Slither. In an attempt to kill you (albeit slowly) by tempting you to eat subtropical fruit, may I present the Sugar Apple? This is a rhetorical question so you needn’t answer, but the fact that you are still reading tells me that you either have an interest in rare fruit or that you have far too much time on your hands (those long, Medusa-like fingers). Whatever! I do not discriminate. Who am I to find fault in your lolling (now a double entendre due to those pesky internet acronyms—oh, I don’t discriminate against those either: discriminate is far too placid a term) on a velveteen settee, laptop aflutter, gathering information (some gossip too, I should expect) like a bee collects pollen.
And you most certainly recognized the word apple, whose job (pun intended) it is to evoke yummy pies, Adam and Eve—slither or, with elfin flexibility, computer savoir-faire–if you despise PCs. That’s a good start. Yet it should be said that the common names of plants are about as useful as your appendix. For the out-of-work botanist (most are) this one is called Annona squamosa–so much easier to remember than Sugar Apple (I’m not winning this argument, am I?)

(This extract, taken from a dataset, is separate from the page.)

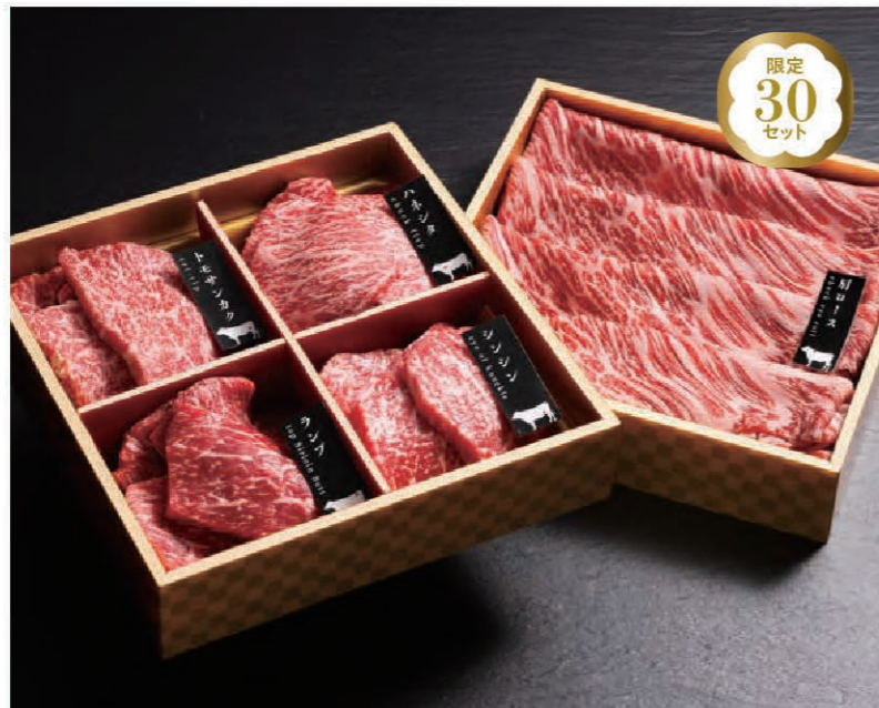
※画像のオスメの4種は一例となります。

この商品は、以下の受注締切日、発送日を設けております。 数量に達し次第、締切期限問わず終了とさせていただきます。

The reason you won’t see one at the supermarket is that most Annonas don’t travel well and, once at the market, if they ever get there, have a short shelf life (three or four nanoseconds, but I don’t have a reference for this). And whereas Sugar Apple is a pleasant name, ‘putrefied mush’ isn’t—which is exactly what it is by the time your grocer shovels it onto the fruit stand, next to firm, irrepressibly taut mangoes and full-bodied bananas, yellower than Van Gogh’s sunflowers.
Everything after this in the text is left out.